Я понимаю, что это привет от моей дочки Лоры.

Я несмело беру карамельку. Наши пальцы почти не касаются. Разворачиваем почти синхронно, шуршат фантики. Закидываем карамельки в рот. Вкус детства — сладкий, с кислинкой.

Слава смотрит в сторону окна, жует, его челюсть напряженно двигается.

— Никто сыновей не бросал, Карина. Ты поступила на тот момент правильно.

Я замираю, перестаю дышать. Сахар тает на языке.

— Ты дала мальчикам свободу действия. Не нагнетала в них чувство вины перед тобой. Не истерила, не бегала и не требовала у них быть рядом с ней вопреки их воле и капризам. На тот момент они должны были остаться со мной. Потому что я был им нужен.

— А почему я не была нужна? — спрашиваю я, и голос мой — тонкий, надтреснутый шепот, полный старой, невысказанной боли.

Он поворачивается ко мне. Серьезно смотрит. Вздыхает, и в этом вздохе — тяжесть всех прошедших лет.

— Возраст такой. Характер такой.

Он замолкает, будто подбирая слова, которые не ранят. Но они всё равно будут ранить. Правда всегда ранит.

— И скажи мне, — его голос становится тише, но тверже, — неужели ты думаешь, что если бы ты подняла активную деятельность по возвращению сыновей под своё крылышко, то всё сложилось бы куда лучше, чем сейчас? Неужели ты думаешь, что твои попытки напомнить им, что ты их мать и что у них есть перед тобой ответственность, помогла бы им стать теми, кто они сейчас есть? Или, может, они совсем уж пошли вразнос, почуяв в тебе слабость? А в тебе не было слабости.

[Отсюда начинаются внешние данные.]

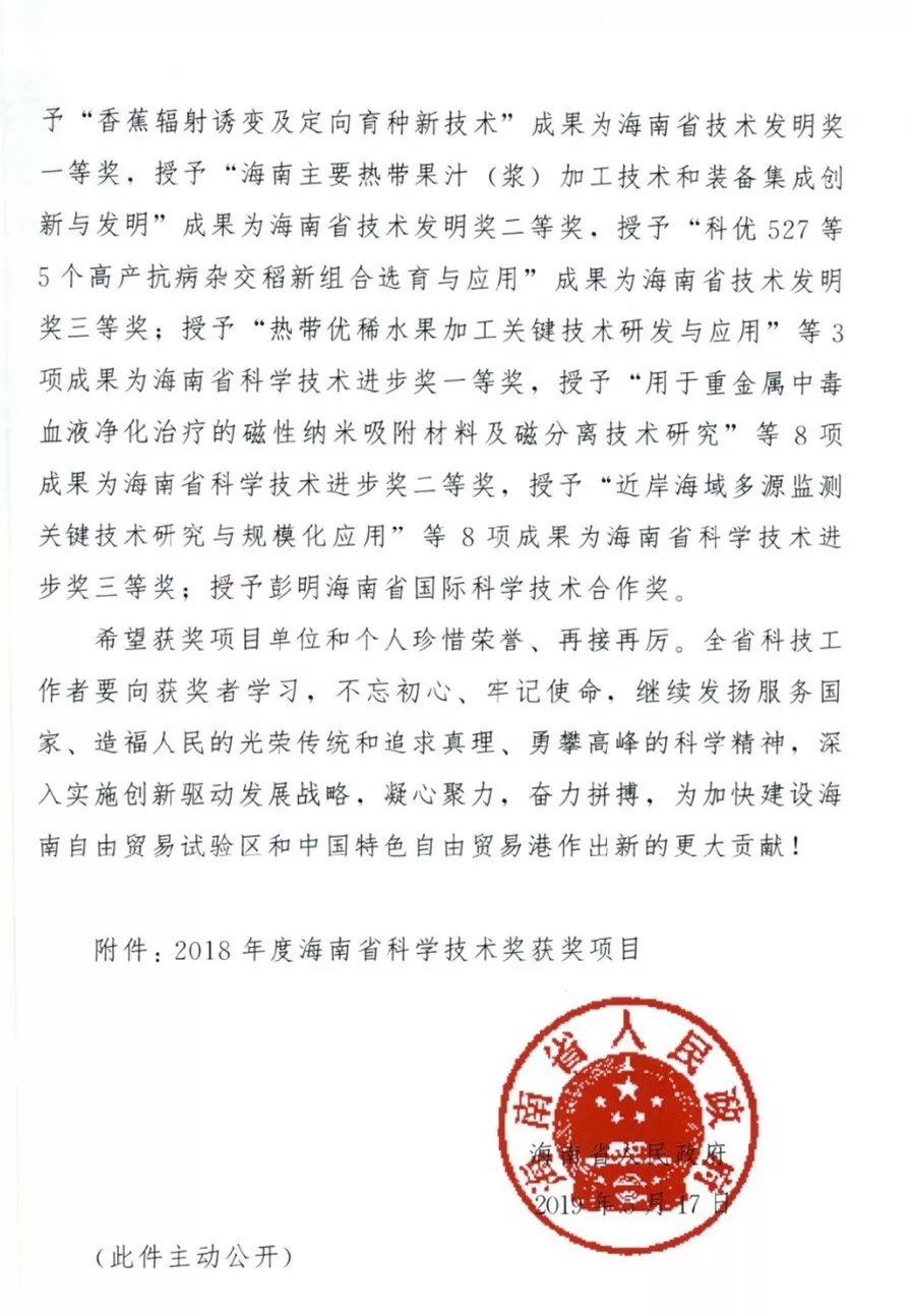 据了解,2018年度海南省科学技术奖采取自由申报方式申报。项目评审采取专业评审组评审和省奖励委员会评审方式。专业评审组聘请47名外省专家,对项目申报材料认真审阅,充分讨论酝酿,按比例无记名投票,推荐获奖项目;省奖励委员会采取项目汇报、答辩、委员会成员记名投票方式,按得票顺序确定等级。评审结果经过公示、省科技厅复核、报省人民政府批准等环节,每个环节都设定具体条件和明确要求,环环相扣,评审奖励科学规范,公正透明,体现海南省科技创新发展战略和奖励政策导向。

От этих слов внутри всё обрывается. Воздух перестает поступать в легкие. Я всхлипываю, по щеке катится предательская слеза — горячая, соленая. Я резко смахиваю ее тыльной стороной ладони.

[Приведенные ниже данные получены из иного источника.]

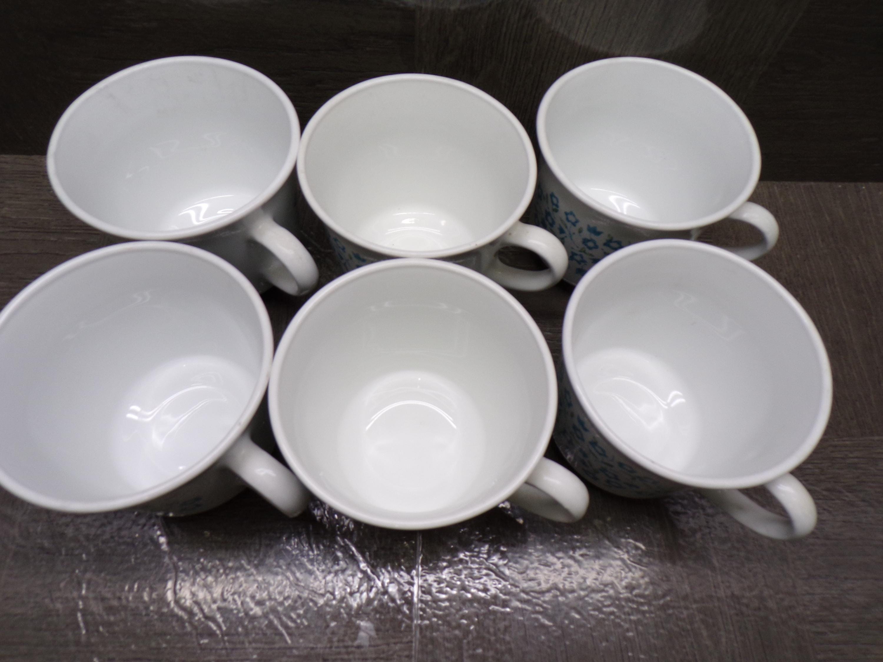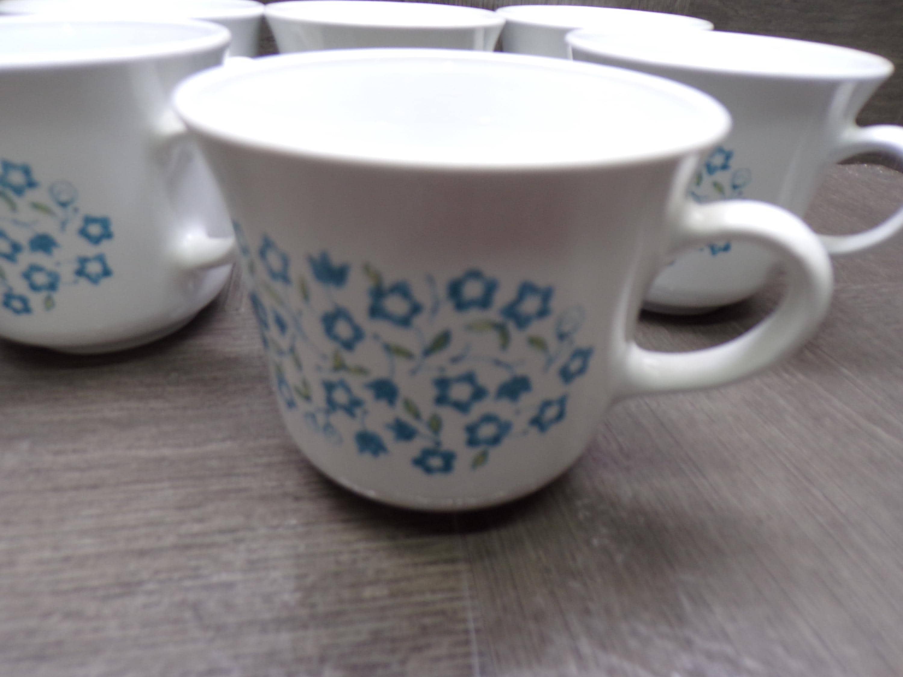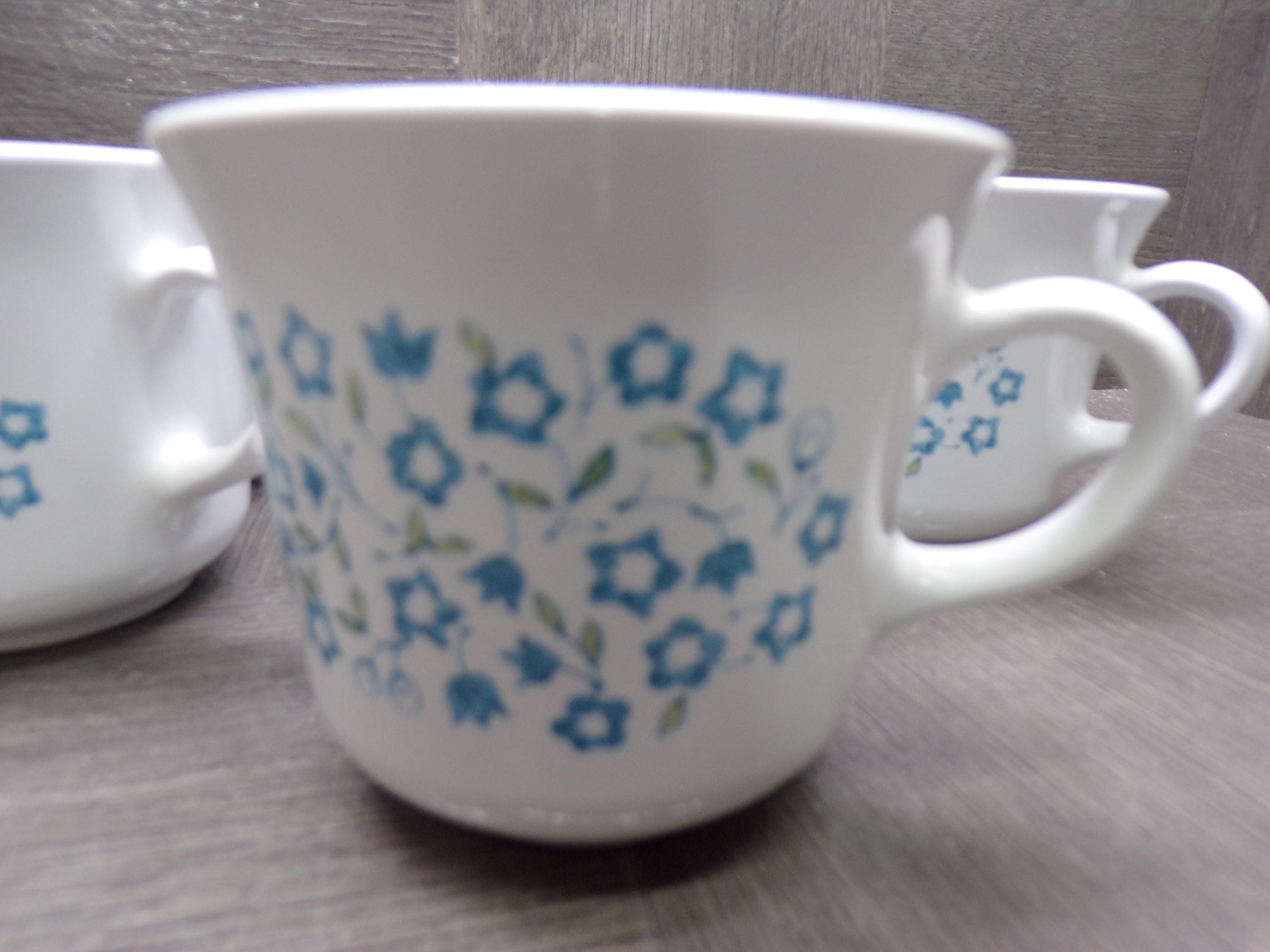 2603 Corelle Blue Heather Vintage Retired 3.5" 6 oz Coffee / Tea Cups Set of 6 Blue Green Floral USA- Great Condition

— Я ничего не понимаю… — шепчу я, и это признание вырывается из самой глубины души, из того темного угла, где годами копилась неуверенность и страх.

И тогда Слава касается линии моей челюсти. Его пальцы теплые, шершавые. Он мягко, но настойчиво поворачивает мое лицо к себе. Заставляет встретиться взглядом.

— Мальчики знали, — говорит он тихо, проникновенно, вглядываясь в меня, будто хочет вложить эти слова прямо в душу. — Они знали, что в любой момент могут вернуться к тебе. И что ты их ждёшь. И днём, и ночью. Зимой и летом, весной и осенью. Злыми, весёлыми, здоровыми, больными… любыми. Ты их ждала. Ты бы их приняла. И у них была эта вера.

Он делает паузу. Долгую, тягучую. И в этой паузе я слышу нечто новое, страшное и неожиданное.

Не мою вину. Его вину. Отцовскую вину. Глухую, запрятанную так глубоко, что, кажется, он и сам боится до нее дотронуться.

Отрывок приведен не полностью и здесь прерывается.